Paula se sorprendió al escuchar aquello y no pudo evitar recordar la noche en que se casaron. Ella estaba emocionalmente hundida tras la muerte de su madre y acababa de llegar a Europa para terminar sus estudios. Compartió unas bebidas con el hombre por el que estaba secretamente chiflada y lo siguiente que supo fue que estaban buscando un cura o un secretario de juzgado que aún estuviera levantado. Visitar el lugar en el que hicieron sus votos sonaba sentimental. Como si aquel día significara más para Pedro que el mero recuerdo de un error cometido a causa del alcohol.

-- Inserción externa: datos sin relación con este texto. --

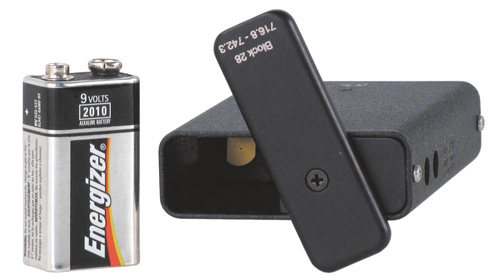 The receiver operates on a single 9 volt alkaline or lithium battery. Alkaline battery life is up to 8 hours. Lithium battery life is well over 20 hours. The LED indicator changes color from green, to yellow, to red as the battery voltage declines to provide plenty of warning before operation ceases.

—¿Volviste allí? —preguntó sin poder evitarlo.
—Estaba por la zona —repitió Pedro, pero su mandíbula se tensó visiblemente, primer indicio de que lo sucedido debió afectarle tanto como a ella.
Paula recordó que la dejó ir fácilmente, que, en lugar de pedirle que se metiera de nuevo en la cama y decirle que ya lo hablarían más tarde, aceptó que habían cometido un error. Su parte más irracional habría querido que no le hiciera caso. Pero no fue así. Pedro la dejó ir, como hizo su padre con su madre. Y con ella.